• _WHAT YOU SHOULD DO_:
Reproduce the entries that follow exactly. No picture should appear in the result.

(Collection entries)
------------------------------
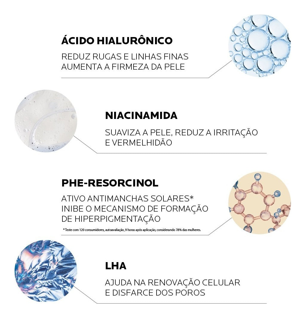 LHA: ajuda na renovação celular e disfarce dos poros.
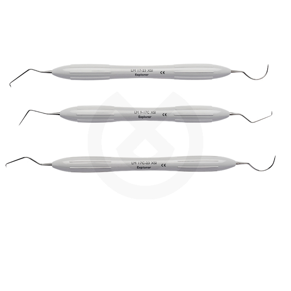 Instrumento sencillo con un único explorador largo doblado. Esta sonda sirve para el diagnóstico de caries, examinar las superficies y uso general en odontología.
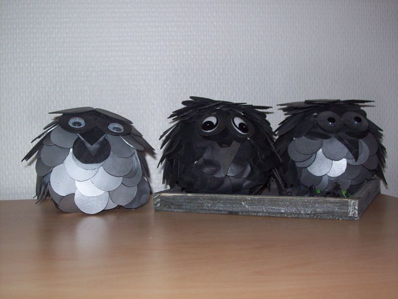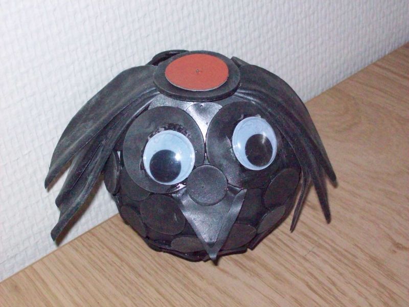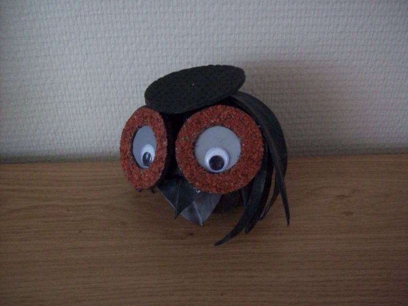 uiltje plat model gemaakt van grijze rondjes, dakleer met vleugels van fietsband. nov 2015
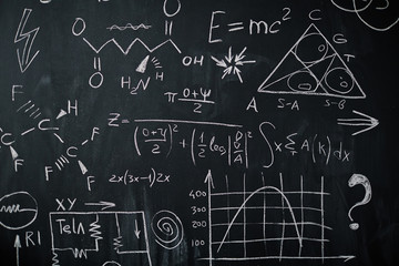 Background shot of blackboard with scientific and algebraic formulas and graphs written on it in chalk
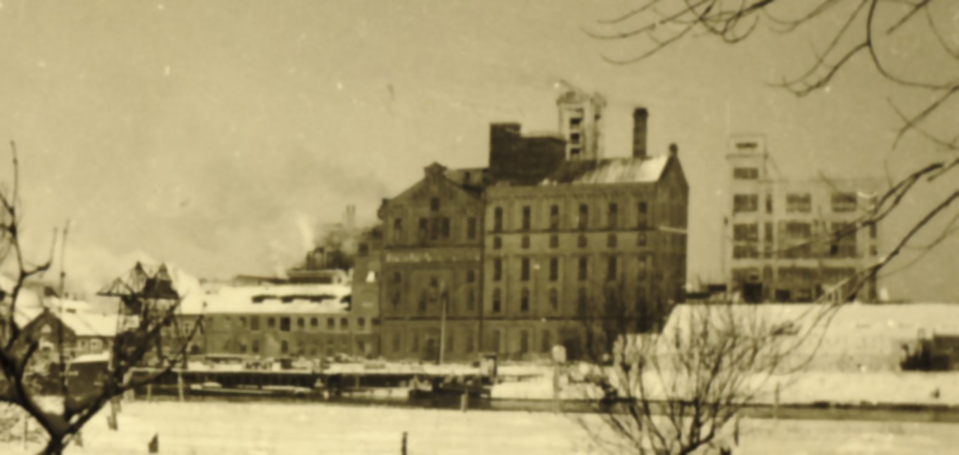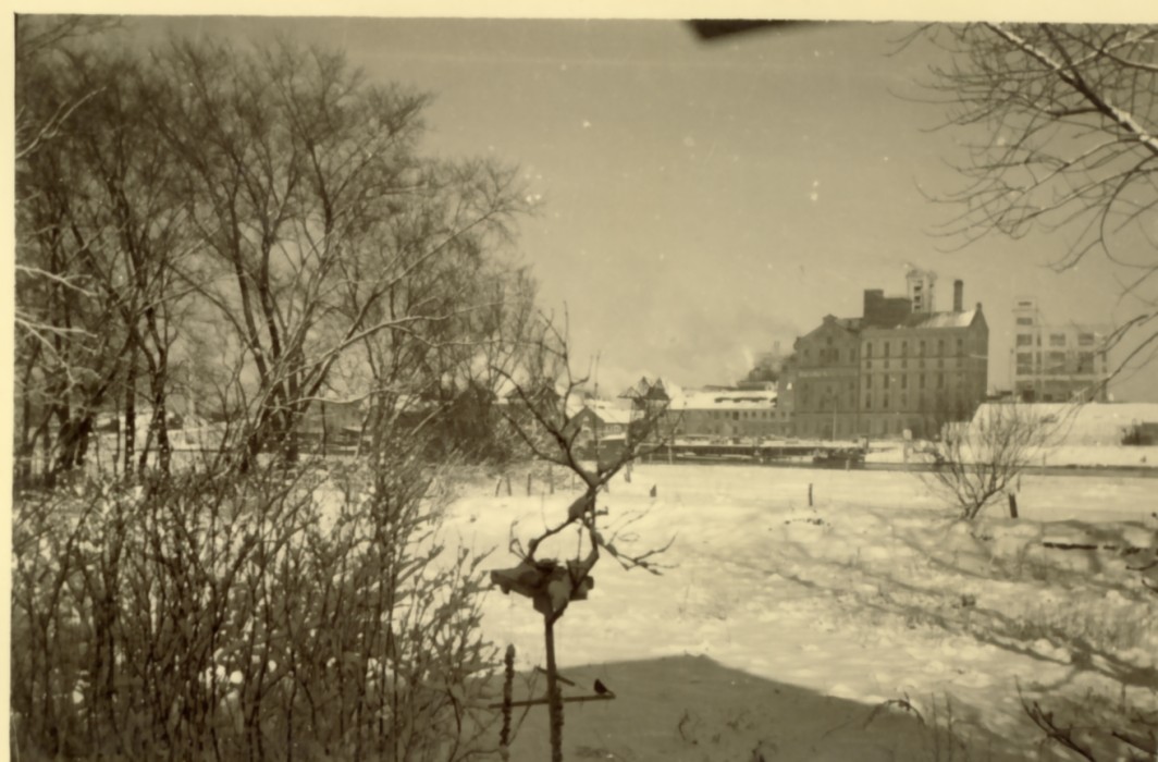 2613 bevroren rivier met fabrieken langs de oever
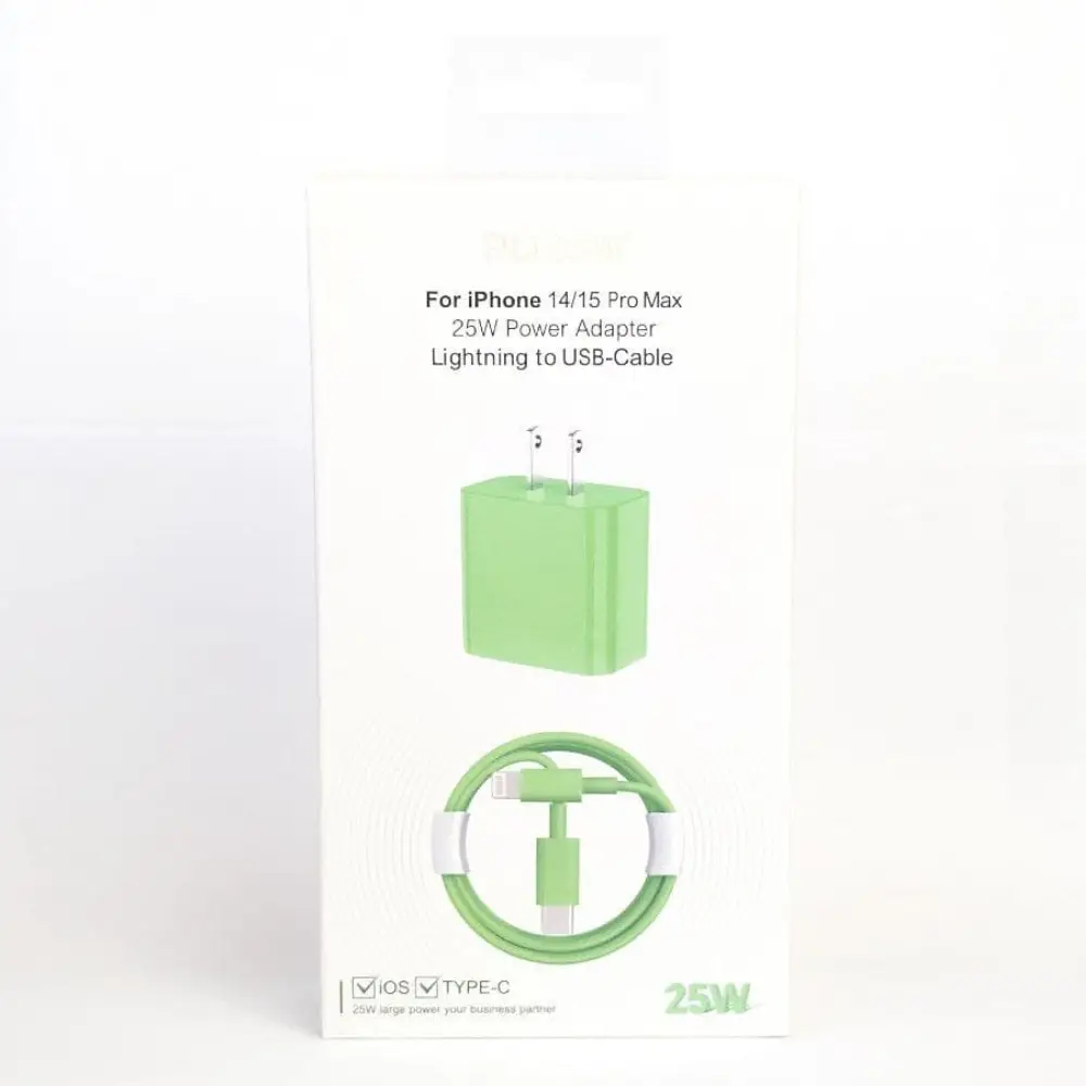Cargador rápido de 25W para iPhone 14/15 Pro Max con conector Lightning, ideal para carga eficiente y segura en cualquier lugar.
------------------------------
• _SOLUTION TO THIS TASK_:
 LHA: ajuda na renovação celular e disfarce dos poros.
 Instrumento sencillo con un único explorador largo doblado. Esta sonda sirve para el diagnóstico de caries, examinar las superficies y uso general en odontología.
 uiltje plat model gemaakt van grijze rondjes, dakleer met vleugels van fietsband. nov 2015
 Background shot of blackboard with scientific and algebraic formulas and graphs written on it in chalk
 2613 bevroren rivier met fabrieken langs de oever
Cargador rápido de 25W para iPhone 14/15 Pro Max con conector Lightning, ideal para carga eficiente y segura en cualquier lugar.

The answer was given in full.